When I have been writing well, productively, I reach the end of the day having run out of words, having been wrung out of words, having used them all up. This often makes me a terrible companion in the evening, as I literally have nothing to say, or nothing left to say. But instead of rendering me empty, this lack of language, this feeling that I have used all the words I had in me that day, makes me whole again.
I have reached the place where I can begin. I know enough about Megan Boyd now to start writing her story. This note-taking can come to an end.
To avoid upsetting any of her relatives or friends who might still be alive, I will change Megan’s name.
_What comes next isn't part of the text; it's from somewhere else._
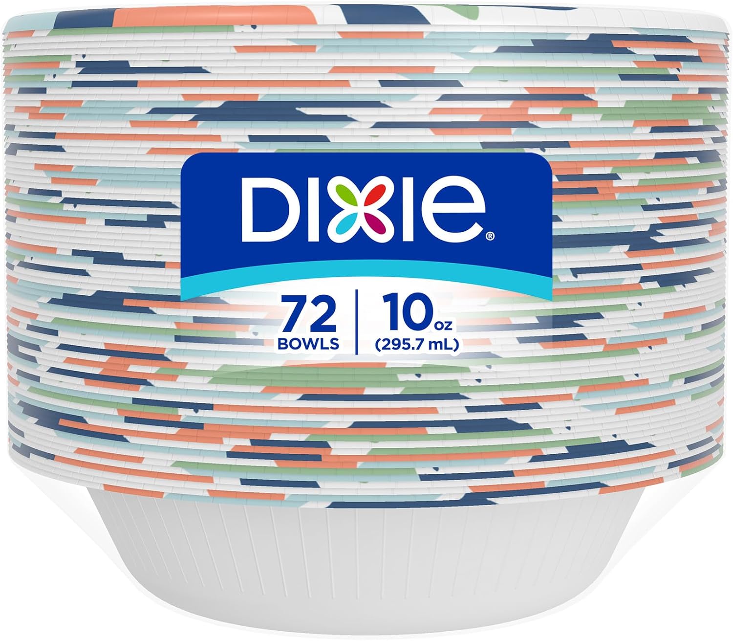 Dixie Small Paper Bowls, 10 Oz, 72 Count, Microwave-Safe, Soak-Proof, Disposable Bowls Great For Snacks, Dessert, And Light Lunch Meals

All the things that kept me company during this part of the process have to fade into the background now, or be folded, delicately, into the mix of the story, so delicately that they will be invisible to the reader. Aspects of my dog can become aspects of her dog, thoughts about my dead can double as her thoughts, but it must be done so subtly as to be unnoticeable. I need to become Megan Boyd, and in doing so, I need to leave myself and my world behind. Whatever is preoccupying me at the moment needs to be synthesized into fuel for the narrative, but it has no place in the actual narrative. This is the sleight of hand that comes with writing a novel. It is all about making yourself disappear.
The weather has broken, for a day at least. It has cooled and the sky is grey. There is a breeze and the smell of rain in the air. I woke in the night to hear its whispers on the roof. It is just a matter of time before it begins again.
Part Two
Blue Charm
THE CURTAINS DRIFT ON THE BREEZE FROM the open window, listing over Ruth’s crib. She raises her hand towards the movement, trying to catch the shadows of the birds lifting and lowering from the branches of the oak beside the house.